|Introduction: Contextual introduction.|
Body: Explain how the private sector can find solutions to climate change by funding the trillions needed for a global transition to clean energy. Also write some concerns.
Conclusion: Write a way forward.
Recently the UNFCCC Standing Committee on Finance (SCF) released a report on the progress made by developed countries towards achieving the goal of mobilizing $100 billion per year. Climate finance is money used by countries to drive down greenhouse gas emissions and adapt to the effects of climate change.
Private sector can find solutions to climate change:
- No government in the world has enough money to solve the climate crisis or complete the energy transition, and that private investment in clean energy technology is therefore critical to combating climate change.

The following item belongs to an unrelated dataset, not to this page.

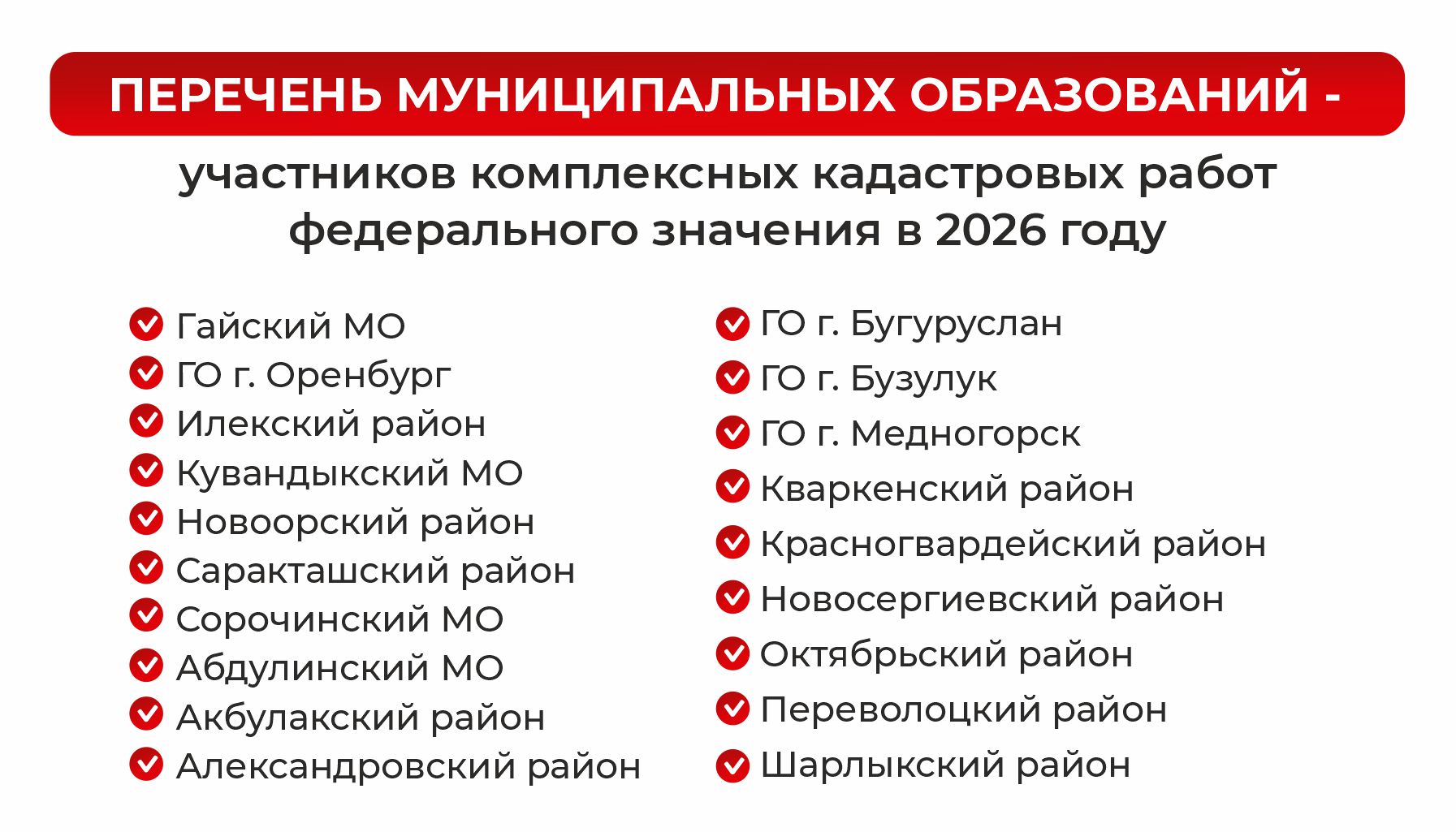 В Оренбургской области в 2026 году запланированы комплексные кадастровые работы федерального значения: работы пройдут в 19 муниципальных образованиях и затронут 438 кадастровых кварталов. Правообладателям, попадающих в территорию проведения ККР, уже начинают направлять уведомления — почтой, на электронную почту или через портал Госуслуг.

- Private sector breakthroughs in areas such as battery storage, green hydrogen and direct air carbon capture could be “game changers” for reaching net-zero emissions.
- Private sector is increasingly disclosing climate-related risks and opportunities, as well as reassessing investments that previously didn’t consider climate risk.
- Transitioning to greater use of solar, hydropower, wind, geothermal, and biomass power in the developing world will require vast investment.
- Lack of transparency of information on mobilized private finance.
- The private sector is especially weak in the poorest countries, when compared to many middle-income countries. This limits the opportunities to mobilise finance from local companies.
- The concern is that, unless efforts are made to steer private finance in an equitable manner, it would mostly benefit a handful of developing countries, but bypass the poorest ones, where the needs are greatest.
- Based on the experience of multilateral development banks (MDBs) in development and the private sector, concerns have also been raised that the private sector would mostly benefit multinational companies from major economies, instead of developing countries’ local companies.
- Private sector investments in developing countries have concentrated on energy and transport, whereas little attention has been paid to water infrastructure.
- Develop a common methodology to record and track private finance to ensure an equitable distribution of the scarce climate finance available.
- Mobilization of private finance as a means of achieving the $100 billion goal, should not come at the expense of, or involve a trade-off in addressing the needs of developing countries.